Именно в самой войне, с ее враждебностью ко всему, что свободно, нужно искать противостояние вражеской культуре, а не в культуре, которой противостоят. Должен ли кто-то из-за этого считать любой мир хорошим миром? Поступать так — значит проявлять невосприимчивость к реальности, которой не позавидуешь. Достаточно представить Нью-Йорк под бомбежкой, как многие французские, английские, бельгийские и русские города подвергались бомбардировкам с начала войны, чтобы осознать прилив сопротивления, который рождается в человечестве, целесообразный для правительства, чтобы вербовать и сплачивать до конца. Но для человека, который приобщился к демократической культуре, этот «конец» включает в себя демократию. Весь характер и весь дух не могут быть поглощены волей к исцелению убийственного врага его же ядом. Единственный путь, открытый для человека, который все еще заботится о демократической культуре, — это помнить о благородстве примера Линкольна: концентрируясь на соблазнах, а не на лицах, которые вызывают могучее бедствие войны, избегать военной паники и военной ненависти, которые будут бередить наши раны.
ВОЕННЫЕ ЭКСПЕРТЫ
«Война сейчас — это не вопрос крепкого сердца и сильной руки. Не то чтобы эти качества не имели своего места и ценности в современной войне; но они больше не являются главными или решающими факторами в этом деле. Подвиги, которые имеют значение в этой войне, — это технологические подвиги; подвиги технологической науки, промышленных приспособлений и технологической подготовки.

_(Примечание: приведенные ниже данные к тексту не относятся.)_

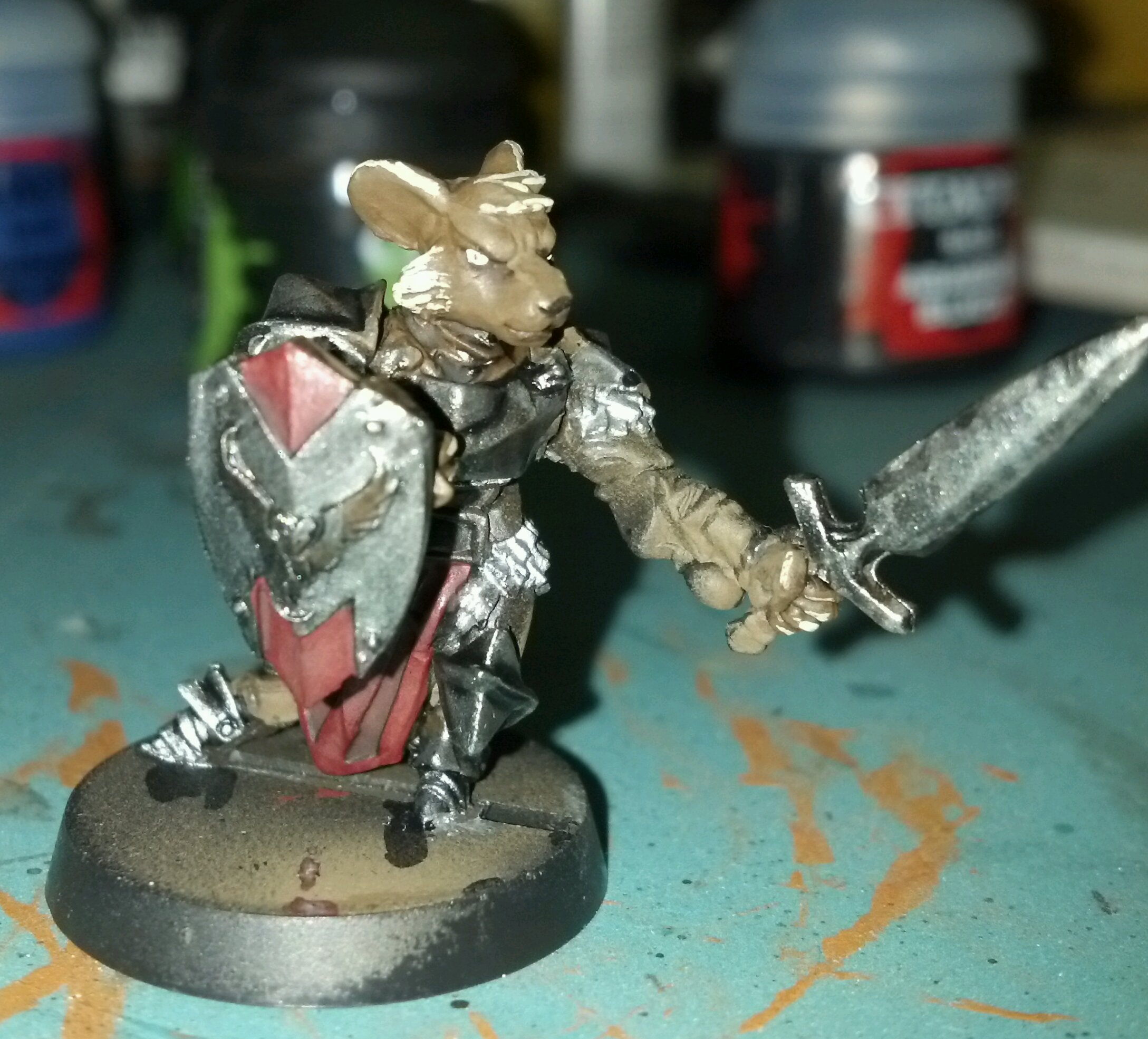 The Brushfire mouse knight still needs some detail work, but he is coming along nicely. I used light highlights on his hair in an attempt to give him an older look. His eyes came out great.

Как уже было замечено ранее, это больше не война джентльменов, и джентльмен как таковой — не более чем помеха в игре, как она ведется».
—— Thorstein Veblen in The Nature of Peace.

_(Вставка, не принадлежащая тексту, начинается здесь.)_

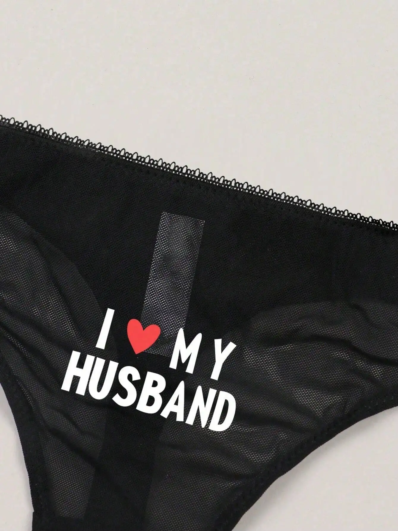 Varsbaby thong see-through low-rise g-string transparent underwear with i love my husband prints S-XL panties

Через парк в Вашингтоне я следовал за неспешной походкой двух британских офицеров. Их движение, подчеркнутое длинными тростями, имело военную размеренность, которая шла их седым волосам ветеранов. Они были в форме цвета хаки и кожаных крагах, красная полоса на плече отмечала их как штабных офицеров. Среди групп праздношатающихся нянь, привязанных младенцев и стариков, кормящих птиц попкорном, они казались представителями более величественной расы людей. После укола гражданской неполноценности я спросил, кто они такие, и узнал, что один из них — просто канадский юрист, и что, будучи военным судьей, он обязан каждое утро обуваться и надевать шпоры в своем гостиничном номере и ездить вверх-вниз на лифте в начищенных крагах, ради блага дела. Никогда в жизни он не слышал выстрела пулемета. Никогда он не размахивал ничем более опасным, чем семейный нож для разделки мяса. При осмотре его спутник выглядел столь же воинственно. Единственным настоящим ветераном в скверике был сморщенный старый пенсионер, кормивший ручных малиновок на траве.